Resource Selection and Architecture Design

Resource Selection Criteria

Resource selection based on the billing model

When designing architecture, the service’s billing method acts as an important consideration, and the billing method can vary depending on the deployment method of cloud resources.

Provisioning method is a way of distributing resources by specifying particular specifications or services.

In this case, even if the actual resources are not used, charges will be billed according to the billing cycle (hour, day, month).

On the other hand, the Pay-as-you-go model incurs no cost until resources are actually used, and charges are based on the amount used or the number of calls, etc.

There are also services that charge by mixing the Provisioning method and the Pay-as-you-go method.

The two architectures presented in the figure below are examples of implementing a mobile application that provides image services using the Provisioning method and the Pay-as-you-go method.

The 3-tier web Application method based on the Provisioning model on the left is a traditional construction method familiar to developers and operators, and it is a configuration commonly selected when converting existing applications or developing new applications.

This architecture charges a fixed monthly fee regardless of usage, so applying it to workloads with low load variability can increase cost efficiency.

The right architecture is mostly composed of Serverless Computing services billed per request, in contrast to the left’s Virtual Server-centric configuration.

Serverless Computing architecture requires understanding of API Gateway’s API routing, Cloud Functions’ function processing, and Object Storage’s REST API operation, and involves technical challenges.

However, since billing is per call or per capacity, costs are only charged when actual usage occurs.

Therefore, in environments where request load periodically increases or load prediction is difficult, applying this architecture can handle the load cost-effectively.

When selecting resources like this, you must consider both the use case and the organization’s technical capabilities.

Since cloud resources provide various billing models depending on service characteristics, you need to design the architecture to appropriately utilize them to optimize costs.

Resource type, size, quantity selection

In on-premises environments, you must carefully forecast future demand in the early stages of system construction and then determine the hardware scale, and because changes are difficult once a purchase is completed, the initial design is very important.

On the other hand, in a cloud environment, resources can be expanded or reduced at any time, minimizing the burden of initial asset investment and allowing you to start.

To leverage these cloud characteristics and increase cost efficiency, it is advantageous to choose technologies with high resource efficiency and agility, such as resources or containers billed per request.

However, to adopt Serverless Computing or container technology, the organization’s internal technical capabilities must be supported, so the costs and risks associated with this must also be considered.

When selecting a server type, it is preferable to start on a small scale rather than beginning with a large scale, and then gradually increase specifications or increase the number of deployments.

In a cloud environment, you can change the server type at any time, so it is common to initially deploy a small-capacity server and go through a step of adjusting specifications to ensure the software and code operate stably.

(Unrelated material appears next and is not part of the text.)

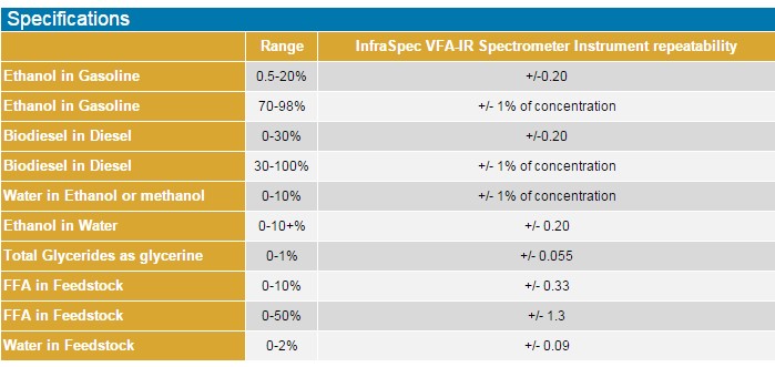 The InfraSpec VFA-IR Spectrometer is a portable infrared analyzer that provides on-site analysis of biodiesel in diesel, ethanol in gasoline and water in ethanol, all in less than a minute. Weighing less than 5 lbs. including the rechargeable battery, the system may be on the move for a full shift before requiring a recharge. The InfraSpec VFA-IR is highly reliable and simple to operate, making it ideal where a single, repetitive percent biodiesel in diesel test is needed.

After optimizing the capacity of the unit server, we perform the task of scaling the number of servers through load testing.

In terms of management and application integration, deploying multiple software on one or two servers may be convenient, but in a cloud environment, using many small-capacity servers is more advantageous in terms of cost and scalability.

For example, using three small servers instead of two large servers provides higher availability and resource utilization, and can support rapid scaling.

Select pricing model

Plan Selection

In Samsung Cloud Platform, you can select and apply plans such as contract plans, Cost Savings, and Planned Compute.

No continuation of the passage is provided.